A filtered and calibrated list of quantifications for downstream analysis.

condInfo

A factor documenting sample condition information.

repInfo

A factor documenting sample replicate information.

refMed

A list of numeric vectors giving the log scale medians of calibration features in different pipelines.

scaler

A number that was used for scaling quantifications onto reference pipeline.

Examples

data(simdata)
condInfo <- factor(simdata$samp$condition)
repInfo <- factor(simdata$samp$replicate)
evaluationFeature <- rep(TRUE, nrow(simdata$meta))
calibrationFeature <- simdata$meta$house & simdata$meta$chr == 'chr1'
unitReference <- 1
dat <- signalCalibrate(simdata$quant, condInfo, repInfo, evaluationFeature,
calibrationFeature, unitReference, calibrationFeature2 = calibrationFeature)

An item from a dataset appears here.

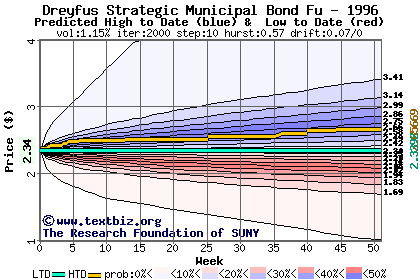 The high to date and low to date prices of the stock plotted against a random walk model for 1996 (what's this?).

Example of Quantifications on Simulation Data

Description

This dataset include quantifications on 15776 transcripts on two cell lines each with 8 replicates. The true differential expressed transcripts were simulated. Quantifications from two pipelines (RSEM and FluxCapacitor) are included in this dataset at simdata$quant. Meta information of transcripts is included at simdata$meta, inlcuding if they belongs to house keeping genes and their true fold change status. Sample information is included at simdata$samp.

Format

A list of objects including list of two 15776*16 quantification matrices, one 15776*6 data frame with meta information and one 16*3 data frame with sample information.